### Dataset content:
▼▼▼
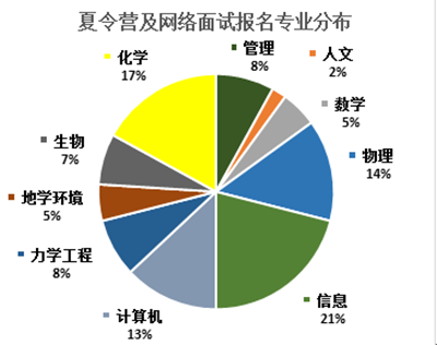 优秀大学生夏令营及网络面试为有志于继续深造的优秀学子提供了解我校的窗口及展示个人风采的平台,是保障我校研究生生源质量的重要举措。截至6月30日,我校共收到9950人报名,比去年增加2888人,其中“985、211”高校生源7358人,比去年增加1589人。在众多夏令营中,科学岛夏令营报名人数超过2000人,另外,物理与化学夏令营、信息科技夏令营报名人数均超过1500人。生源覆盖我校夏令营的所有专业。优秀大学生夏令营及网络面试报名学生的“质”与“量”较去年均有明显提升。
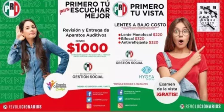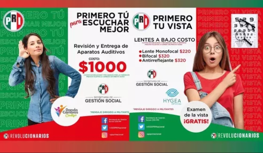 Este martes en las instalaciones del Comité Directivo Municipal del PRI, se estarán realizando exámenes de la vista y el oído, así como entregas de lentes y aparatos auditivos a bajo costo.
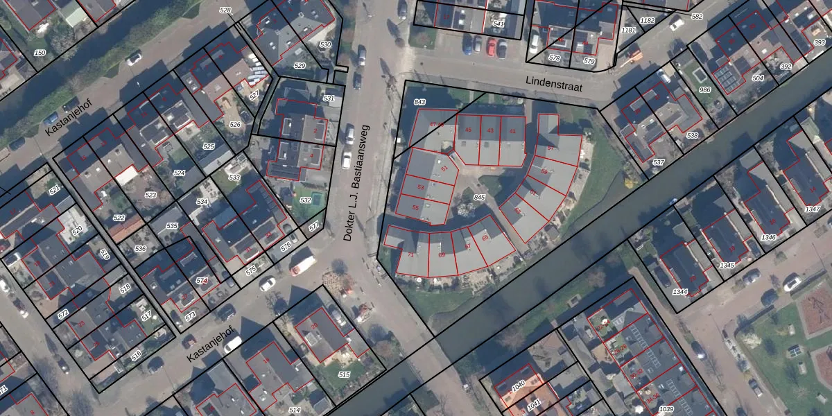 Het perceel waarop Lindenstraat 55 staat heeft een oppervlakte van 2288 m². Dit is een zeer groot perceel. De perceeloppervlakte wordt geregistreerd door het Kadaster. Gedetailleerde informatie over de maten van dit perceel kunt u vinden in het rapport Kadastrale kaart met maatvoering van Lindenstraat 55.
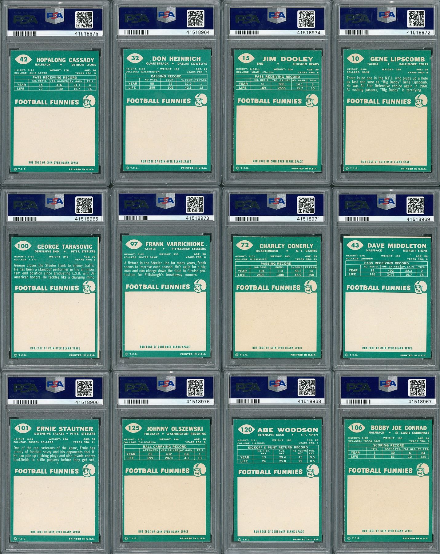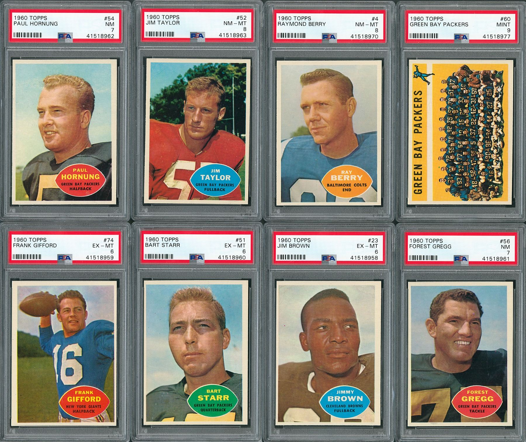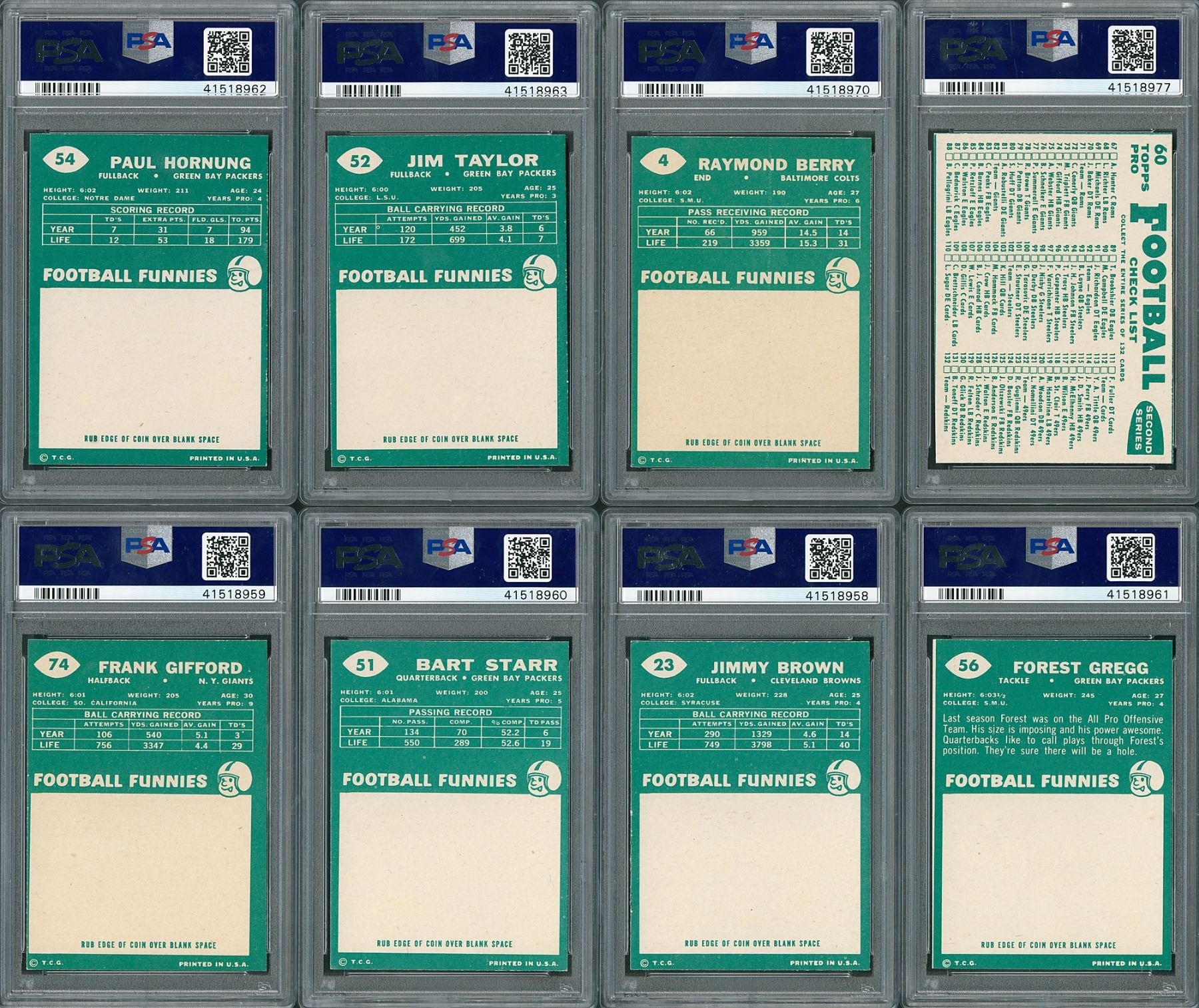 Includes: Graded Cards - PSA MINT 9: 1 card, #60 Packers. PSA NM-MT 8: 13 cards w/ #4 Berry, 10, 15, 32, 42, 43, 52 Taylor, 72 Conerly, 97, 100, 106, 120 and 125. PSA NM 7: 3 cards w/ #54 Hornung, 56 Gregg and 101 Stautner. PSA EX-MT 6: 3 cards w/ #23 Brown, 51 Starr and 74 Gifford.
▲▲▲
### How to complete this task:
Any images must be left out; transcribe the rest of the material exactly.

### Problem solution:
 优秀大学生夏令营及网络面试为有志于继续深造的优秀学子提供了解我校的窗口及展示个人风采的平台,是保障我校研究生生源质量的重要举措。截至6月30日,我校共收到9950人报名,比去年增加2888人,其中“985、211”高校生源7358人,比去年增加1589人。在众多夏令营中,科学岛夏令营报名人数超过2000人,另外,物理与化学夏令营、信息科技夏令营报名人数均超过1500人。生源覆盖我校夏令营的所有专业。优秀大学生夏令营及网络面试报名学生的“质”与“量”较去年均有明显提升。
 Este martes en las instalaciones del Comité Directivo Municipal del PRI, se estarán realizando exámenes de la vista y el oído, así como entregas de lentes y aparatos auditivos a bajo costo.
 Het perceel waarop Lindenstraat 55 staat heeft een oppervlakte van 2288 m². Dit is een zeer groot perceel. De perceeloppervlakte wordt geregistreerd door het Kadaster. Gedetailleerde informatie over de maten van dit perceel kunt u vinden in het rapport Kadastrale kaart met maatvoering van Lindenstraat 55.
 Includes: Graded Cards - PSA MINT 9: 1 card, #60 Packers. PSA NM-MT 8: 13 cards w/ #4 Berry, 10, 15, 32, 42, 43, 52 Taylor, 72 Conerly, 97, 100, 106, 120 and 125. PSA NM 7: 3 cards w/ #54 Hornung, 56 Gregg and 101 Stautner. PSA EX-MT 6: 3 cards w/ #23 Brown, 51 Starr and 74 Gifford.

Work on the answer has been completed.